— Exercise description —
Everything from the line with "- De verpakking" to the last line of the listing must be retyped exactly, both ends included, with the pictures dropped.

— Information shown —

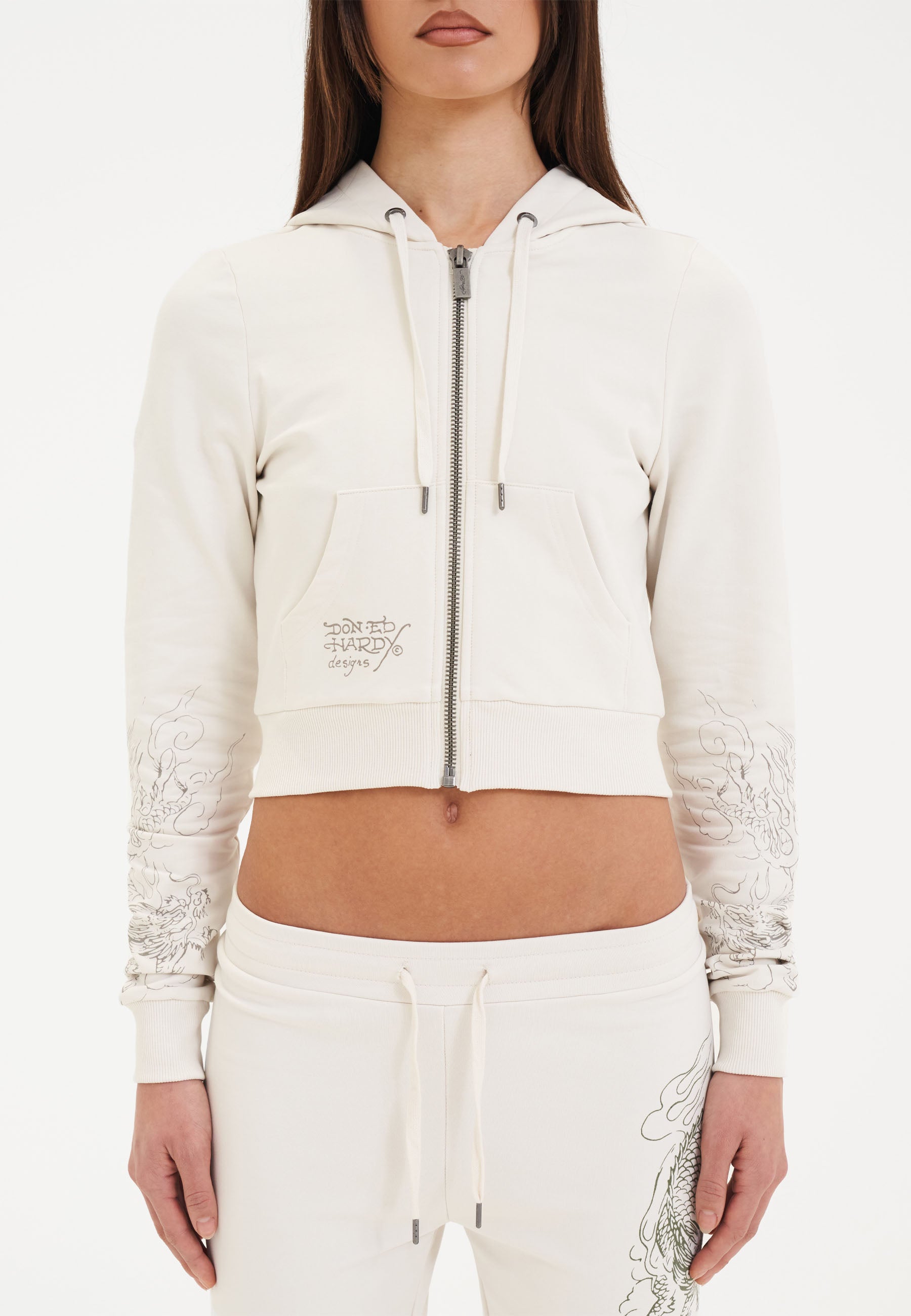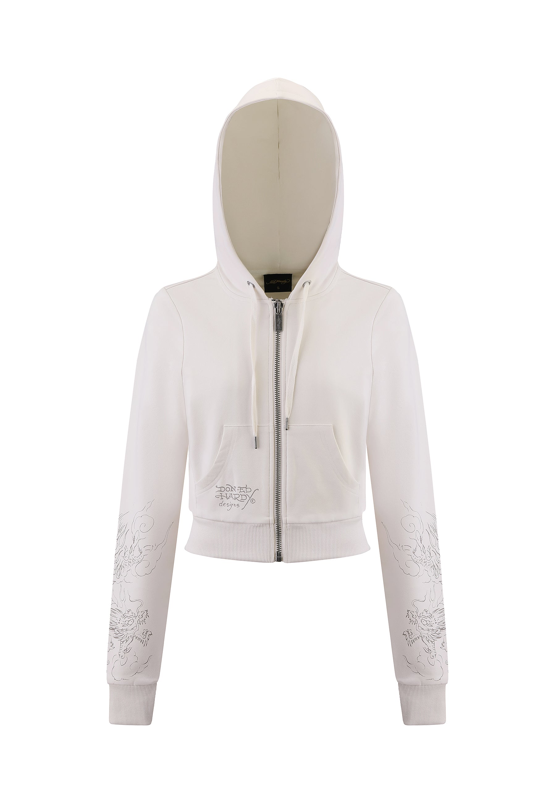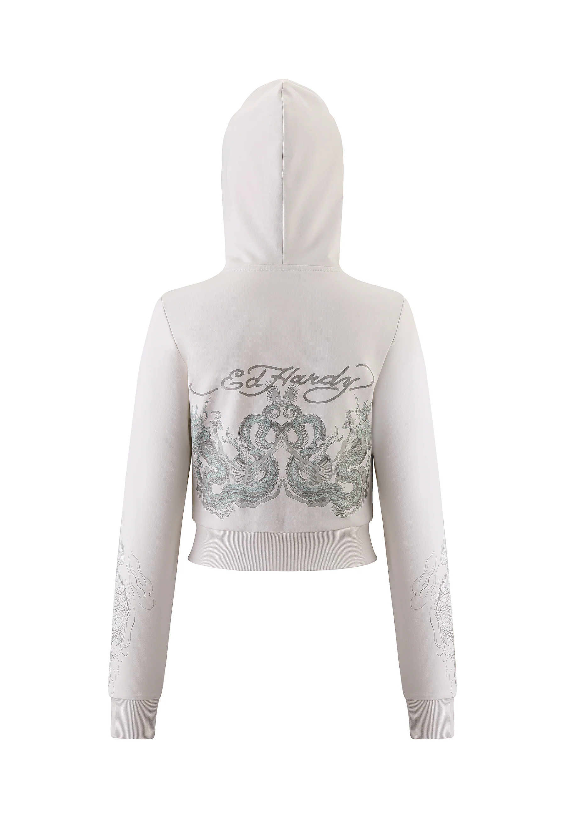Sudadera con capucha y cremallera corta con gráfico Twisted Dragon para mujer - Blanco
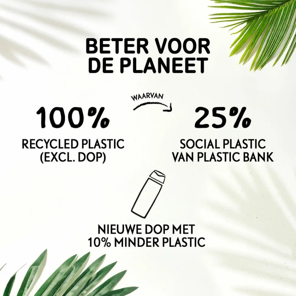 - De verpakking bestaat uit 100% gerecycled plastic (excl. dop), waarvan 25% social plastic
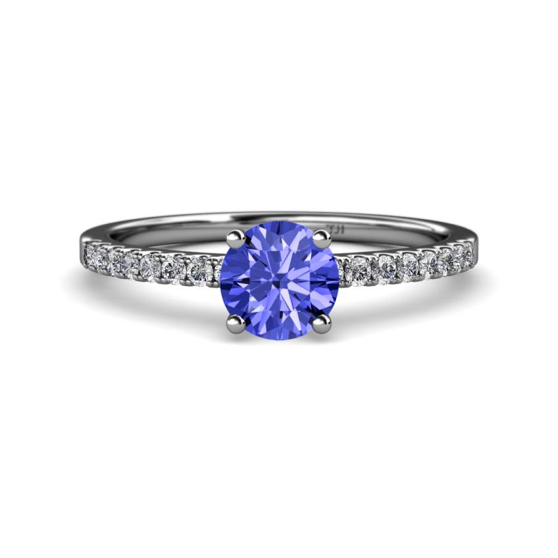 Round Tanzanite and Diamond Womens Solitaire Plus Engagement Ring 1.20 ctw 18K White Gold More Details ...

— Written response —
 - De verpakking bestaat uit 100% gerecycled plastic (excl. dop), waarvan 25% social plastic
 Round Tanzanite and Diamond Womens Solitaire Plus Engagement Ring 1.20 ctw 18K White Gold More Details ...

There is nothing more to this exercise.